Figure 2.

Crystal structure of the apo TRIAP1-SLMO1 complex

1. Cartoon representation for the crystal structure of the TRIAP1-SLMO1 complex. TRIAP1 is shown in green and SLMO1 in orange with annotated secondary structure elements.
2. Highlighted TRIAP1-SLMO1 interface with a superimposition of free TRIAP1 (grey) and bound TRIAP1 (green). The hydrophobic side chains of TRIAP1 are in green sticks, and the complementary interaction region on SLMO1 is shown as red cartoon. The rest of SLMO1 is shown as an orange cartoon.

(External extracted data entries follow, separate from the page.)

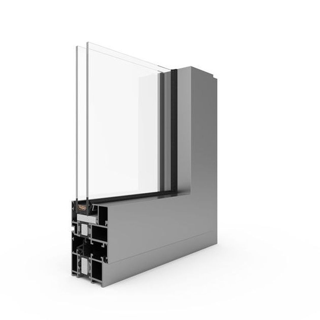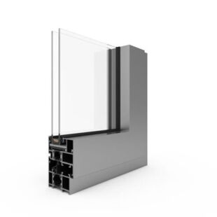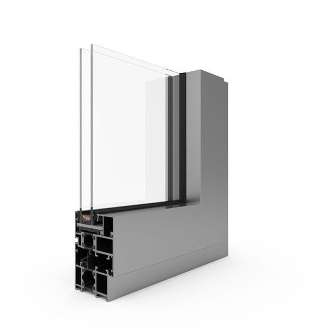 3-Kammersystem aus stabilem Aluminium für flexible Konstruktionen und flächenbündiger Optik. Rahmenbautiefe von 60 mm; Flügelbautiefe von 69 mm
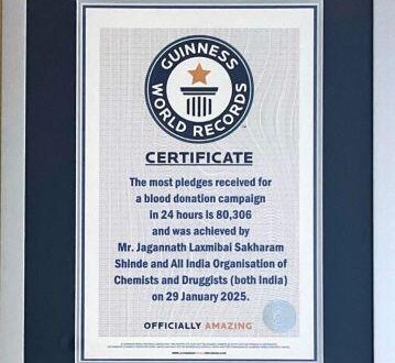 गाजीपुर। ऑल इंडिया ऑर्गनाइजेशन ऑफ केमिस्ट्स एंड ड्रगिस्ट्स (AIOCD) ने 24 घंटे में सबसे अधिक रक्तदान की शपथ लेकर गिनीज वर्ल्ड रिकॉर्ड में 80,306 शपथ-पत्र प्राप्त करके और लगभग 60000 से अधिक रक्तदान करके, एक नया रिकॉर्ड बनाया है। यह उपलब्धि पूरे भारत में थैलेसीमिया रोगियों, वंचित गर्भवती महिलाओं और कुपोषित बच्चों के लिए सहायक सिद्ध होगी। यह पुरस्कार गिनीज वर्ल्ड रिकॉर्ड की टीम द्वारा महाराष्ट्र के उपमुख्यमंत्री श्री एकनाथ शिंदे की उपस्थिति में AIOCD की स्वर्ण जयंती और AIOCD के अध्यक्ष जे.एस. शिंदे के 75वें जन्मदिन के अवसर पर प्रदान किया गया। देश भर में 12.40 लाख केमिस्ट और फार्मासिस्टों का प्रतिनिधित्व करते हुए, एआईओसीडी आयुष्मान भारत और पोषण अभियान जैसे राष्ट्रीय कार्यक्रमों के साथ जुड़कर स्वास्थ्य सेवा के प्रति अपनी प्रतिवद्धता को कायम रखें हुए है। जेएस शिंदे अध्यक्ष और राजीव सिंघल महासचिव ने बताया कि यह उपलब्धि बृहद स्तर पर देश के केमिस्टों के अथक प्रयासों से भारत के समस्त 12.40 लाख केमिस्टों की क्षमता को जाहिर करती है और स्वास्थ्य सेवा के बुनियादी ढांचे को मजबूत करने में सार्वजनिक-निजी भागीदारी की महत्वपूर्ण भूमिका को प्रकट करती है। एआईओसीडी अपने सदस्यों की सेवा के माध्यम से राष्ट्र के स्वास्थ्य सेवा लक्ष्यों का पूर्ण करने के लिए और ” सक्षम केमिस्टों के द्वारा स्वस्थ भारत ” के उद्देश्य की प्राप्ति करने के लिए निरंतर सहयोग हेतु प्रतिबद्ध है
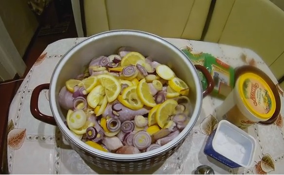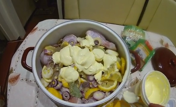 1. Поместите вымытые куриные голени или окорочка в миску, добавьте к ним резанный на кольца (или полукольца) репчатый лук и лимон. Добавьте на свой вкус соль, молотый перец и лавровый лист. Затем внесите майонез.
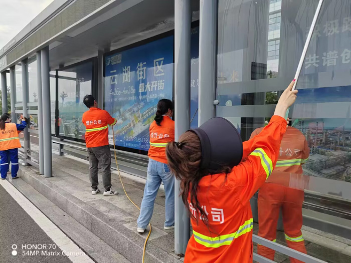? ? ? ?集中勞動(dòng)“有力彰顯”。學(xué)習(xí)活動(dòng)結(jié)束后,保潔、機(jī)關(guān)黨支部20多名黨員匯集新區(qū)核心區(qū)域徐圩大道,南京路等路段,開(kāi)展黨員義務(wù)勞動(dòng)。活動(dòng)現(xiàn)場(chǎng),大家分工明確,相互配合,無(wú)懼高溫天氣,上下?lián)]動(dòng)雙臂,沖洗站臺(tái)玻璃和清理廣告標(biāo)語(yǔ),經(jīng)過(guò)兩個(gè)多小時(shí)持續(xù)奮戰(zhàn),徒手清洗站臺(tái)20多個(gè),座椅40多個(gè)。(楊波)

3. Hydrophobic interaction at the TRIAP1-SLMO1 interface. Left: cartoon representation of the TRIAP1-SLMO1 complex with key interfacial hydrophobic side chains shown as sticks and labelled with residue numbers. TRIAP1 is coloured green, and the complementary interaction region on SLMO1 is shown as red cartoon with the remaining sequence of SLMO1 shown as an orange cartoon. Right: hydrophobic contacts to the N-terminal V4 from TRIAP1.
4. SDS–PAGE analysis of His-tag pull-down assays with His-SLMO1 and TRIAP1. For each sample, the column flow through (FT) and elution (EL) fraction are shown. SLMO1 mutants are shown in the left panel, and the lack of recovery of mutant complexes V36A and L49A suggests that these alterations disrupt the formation of the complex. TRIAP1 mutants are shown on the right, and while mutant complex can be purified for the single mutants, the complex is lost when F41A in TRIAP1 is accompanied by V38A in SLMO1.